Section 1: Fundamentals of Policy Evaluation [Le Viet Phu]
Lecture 1. What is Policy Evaluation and Causal Inference?
Importance of evaluation and the difference from monitoring, counterfactuals and the potential outcomes framework
- EGAP, "10 Strategies for Figuring Out if X Caused Y"
- EGAP, "10 Things You Need to Know about Causal Inference"
- Angrist and Pishke, Introduction.KKS, pp 3-20.
Section 2: Randomized Controlled Trials [Edmund Malesky]
Lecture 2. Introduction to Randomized Controlled Trials (RCTs)
Basics of field experiments and exploration of different designs
- KKS, pp. 33-38.
- EGAP, "10 Types of Treatment Effects You Should Know About".
- EGAP, "10 Things to Know about External Validity".
Lecture 3. Designing and Implementing an RCT:
Random assignment, sampling, blocking/stratification, and power calculations.
- KKS, pp. 39-50.
- Angrist and Pishke, Chapter 1.
- EGAP, "10 Things to Know about Randomization".
This course offers a first systematic approach to policy evaluation from a perspective of a practitioner. It provides rationale why evaluation may be used to inform and improve policy development, adoption, implementation, and effectiveness, and builds the evidence for policy interventions. We begin with experimental approaches, the gold standard in program evaluation. The main purpose of randomized evaluations is to determine whether a program has an impact, and more specifically, to quantify how large that impact is. Impact evaluations measure program effectiveness typically by comparing outcomes of those who received the program against those who did not. We will learn basic sets of skills for designing and evaluating policy interventions, and then practice them immediately.

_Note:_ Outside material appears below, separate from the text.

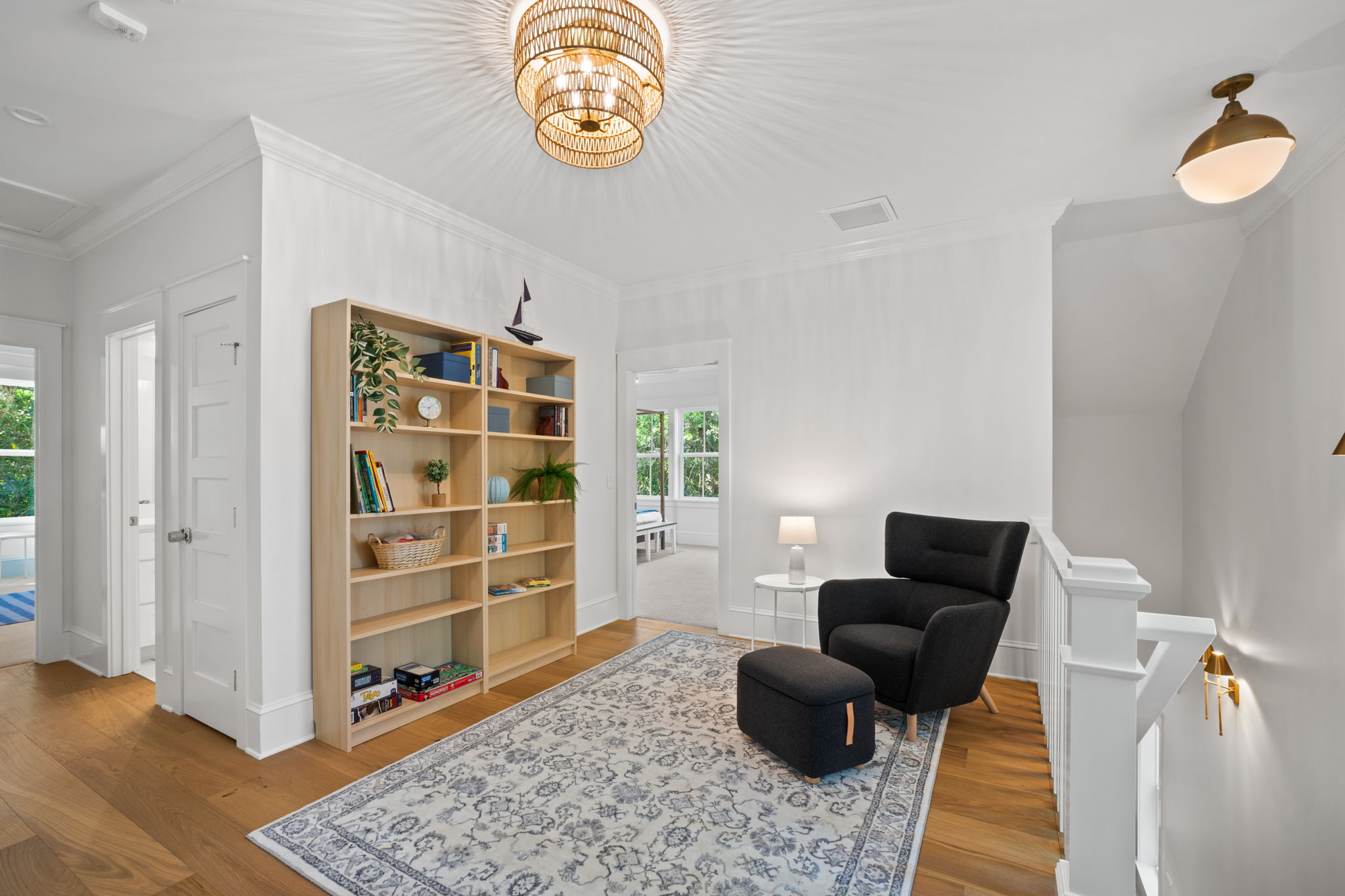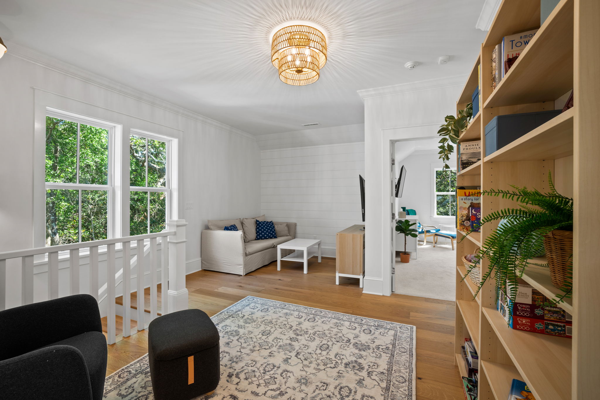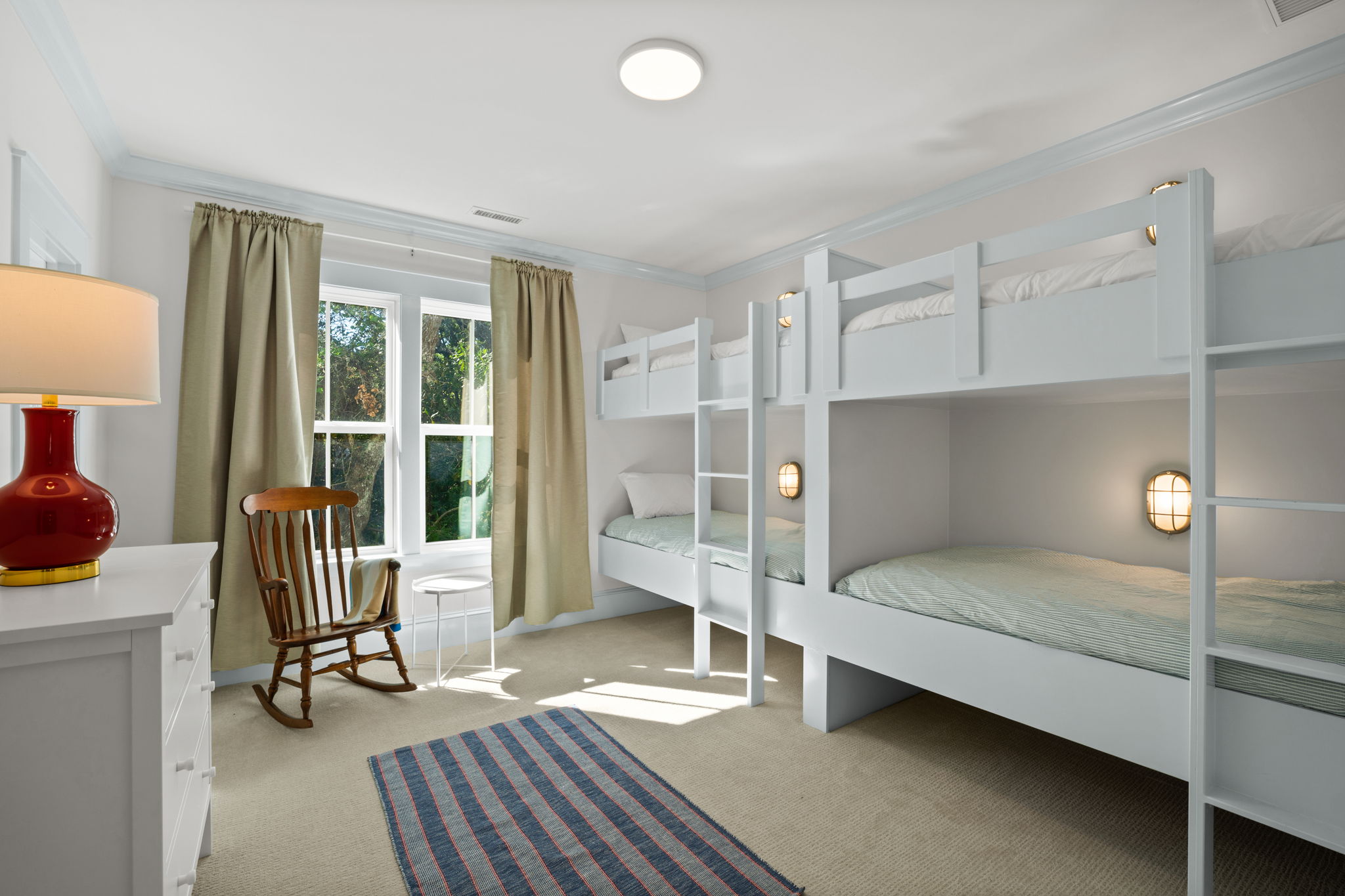 The second floor has a special bonus nook for reading, TV watching or just some quiet time. This floor boasts an additional master bedroom suite with a king-sized bed and private full bath. Also on this floor are two additional bedrooms - one with a king bed and one bunk room with four XL twin beds. These two bedrooms share a delightful coastal full bath with a tub and shower.
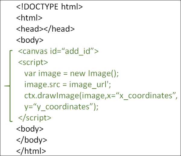 You can try to run the following code to learn how to use images with HTML Canvas. Here, the image is a reference to an image or canvas object. x and y form the coordinate on the target canvas where our image should be placed.

The first lecture will be devoted to the goals and organization of program design before beginning our discussion of the experimental ideal. Each subsequent class will delve into particular research tools used in evaluation for attempting to recover the experimental ideal (randomized control trials, survey experiments, regression discontinuity design, matching estimators, and difference-in-differences). Within each lecture, we will discuss the underlying assumptions, power estimations, and diagnostics for determining whether the tool is appropriate for the particular research question.
The course will take the organizational structure of a workshop. Understanding the challenges of teaching econometrics without formulas, we have selected a nuanced approach which offers a harmonic, narrative based, combination of theory, in-class discussions, and computer applications. The course assessment is based on identifying a critical policy question that students are interested in and then designing the ideal evaluation for it. The final project will a Pre-Analysis Plan, a specialized research design that lays out the specific for how a new policy will be evaluated.